= Beginning of Section =
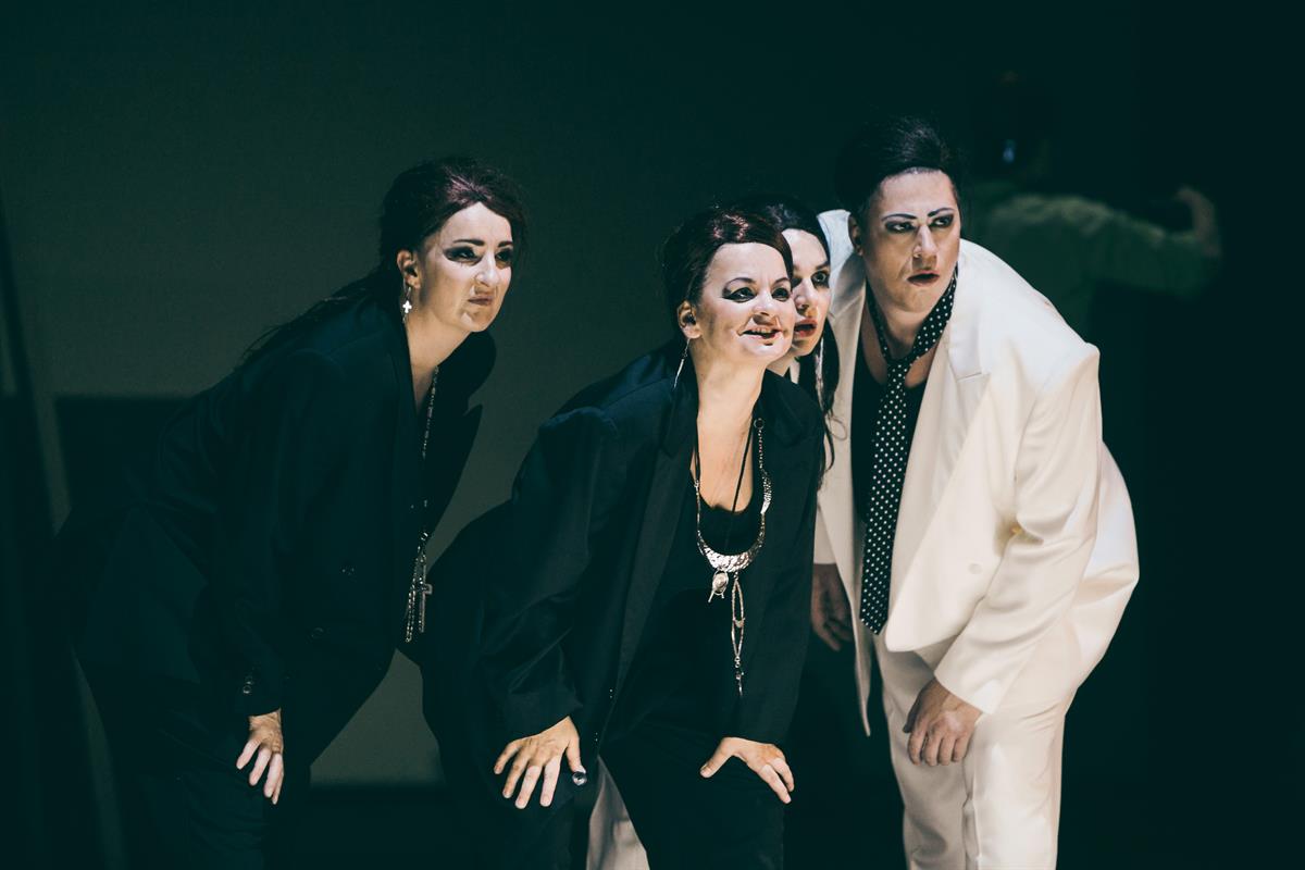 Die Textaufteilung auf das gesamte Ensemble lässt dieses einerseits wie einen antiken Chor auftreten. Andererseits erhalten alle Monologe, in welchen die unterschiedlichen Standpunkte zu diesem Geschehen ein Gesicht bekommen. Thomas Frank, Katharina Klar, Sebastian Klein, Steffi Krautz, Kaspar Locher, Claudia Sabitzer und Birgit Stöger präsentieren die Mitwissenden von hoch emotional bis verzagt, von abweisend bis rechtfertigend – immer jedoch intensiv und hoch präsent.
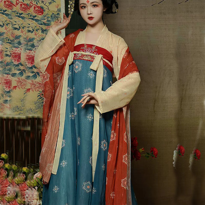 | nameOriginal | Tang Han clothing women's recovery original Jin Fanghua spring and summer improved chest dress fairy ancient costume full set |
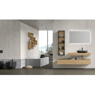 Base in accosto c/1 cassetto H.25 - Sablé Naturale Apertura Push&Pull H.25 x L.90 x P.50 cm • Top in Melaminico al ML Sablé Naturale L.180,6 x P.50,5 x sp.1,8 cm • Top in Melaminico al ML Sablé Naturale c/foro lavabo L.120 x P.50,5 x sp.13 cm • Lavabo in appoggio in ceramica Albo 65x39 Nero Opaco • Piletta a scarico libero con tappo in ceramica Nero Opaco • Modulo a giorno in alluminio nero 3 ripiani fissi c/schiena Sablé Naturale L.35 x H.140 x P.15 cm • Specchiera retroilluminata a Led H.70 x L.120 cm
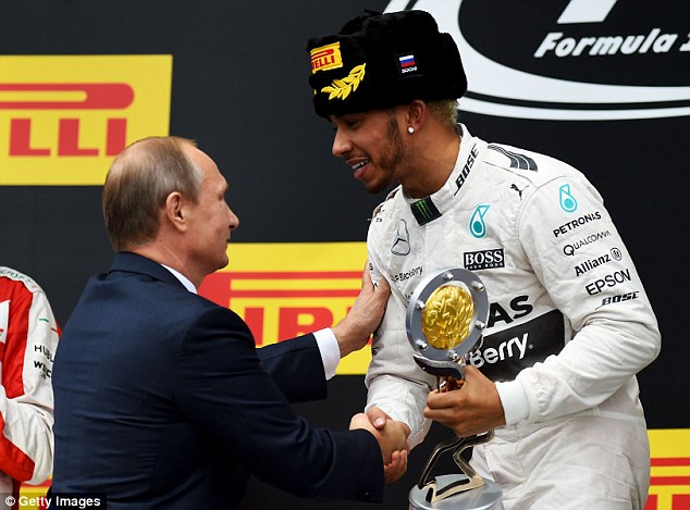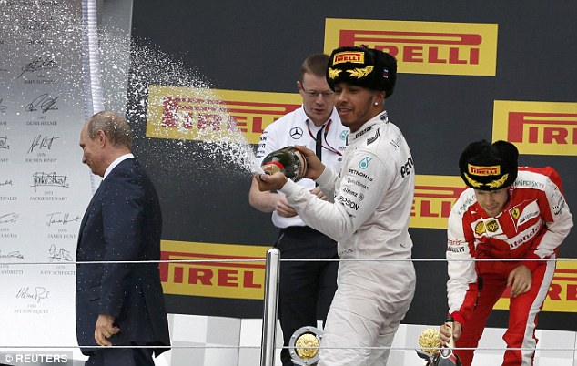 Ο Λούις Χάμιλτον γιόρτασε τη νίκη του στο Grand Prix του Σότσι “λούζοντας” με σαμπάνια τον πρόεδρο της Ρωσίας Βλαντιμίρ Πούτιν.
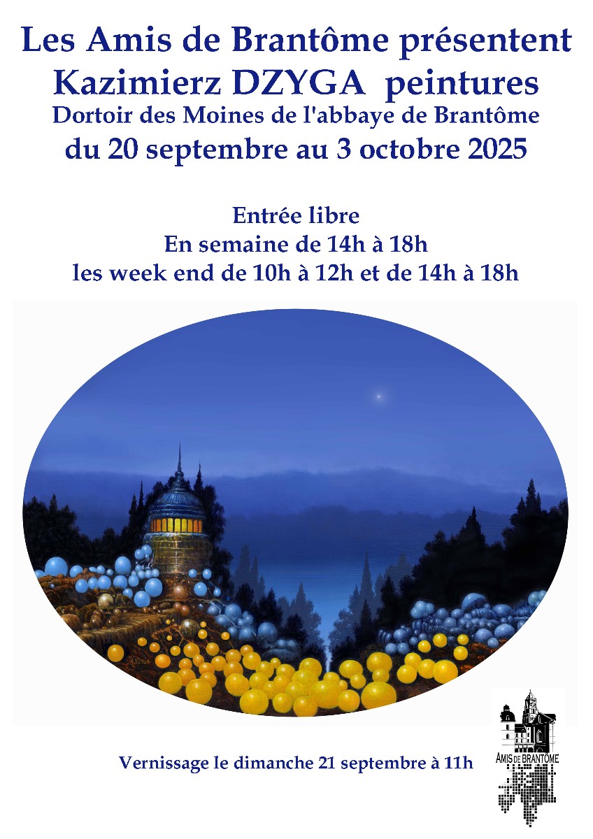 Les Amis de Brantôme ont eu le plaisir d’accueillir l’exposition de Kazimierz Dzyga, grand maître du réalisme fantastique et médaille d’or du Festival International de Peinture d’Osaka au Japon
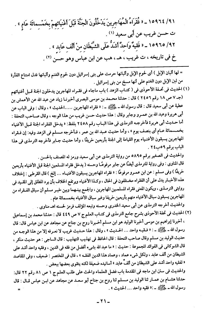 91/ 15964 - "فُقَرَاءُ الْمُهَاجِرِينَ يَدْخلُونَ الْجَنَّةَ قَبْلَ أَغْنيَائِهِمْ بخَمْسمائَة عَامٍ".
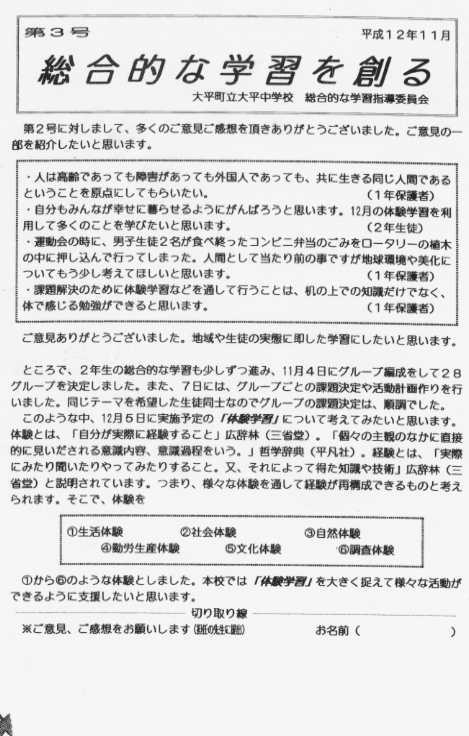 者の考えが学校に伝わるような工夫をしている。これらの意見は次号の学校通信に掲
= End of Section =
EXERCISE DETAILS
An exact printout of the entries is wanted, covering the first line through the line holding "Ο Λούις Χάμιλτον", with pictures kept out of it.

TASK RESPONSE
 Die Textaufteilung auf das gesamte Ensemble lässt dieses einerseits wie einen antiken Chor auftreten. Andererseits erhalten alle Monologe, in welchen die unterschiedlichen Standpunkte zu diesem Geschehen ein Gesicht bekommen. Thomas Frank, Katharina Klar, Sebastian Klein, Steffi Krautz, Kaspar Locher, Claudia Sabitzer und Birgit Stöger präsentieren die Mitwissenden von hoch emotional bis verzagt, von abweisend bis rechtfertigend – immer jedoch intensiv und hoch präsent.
 | nameOriginal | Tang Han clothing women's recovery original Jin Fanghua spring and summer improved chest dress fairy ancient costume full set |
 Base in accosto c/1 cassetto H.25 - Sablé Naturale Apertura Push&Pull H.25 x L.90 x P.50 cm • Top in Melaminico al ML Sablé Naturale L.180,6 x P.50,5 x sp.1,8 cm • Top in Melaminico al ML Sablé Naturale c/foro lavabo L.120 x P.50,5 x sp.13 cm • Lavabo in appoggio in ceramica Albo 65x39 Nero Opaco • Piletta a scarico libero con tappo in ceramica Nero Opaco • Modulo a giorno in alluminio nero 3 ripiani fissi c/schiena Sablé Naturale L.35 x H.140 x P.15 cm • Specchiera retroilluminata a Led H.70 x L.120 cm
 Ο Λούις Χάμιλτον γιόρτασε τη νίκη του στο Grand Prix του Σότσι “λούζοντας” με σαμπάνια τον πρόεδρο της Ρωσίας Βλαντιμίρ Πούτιν.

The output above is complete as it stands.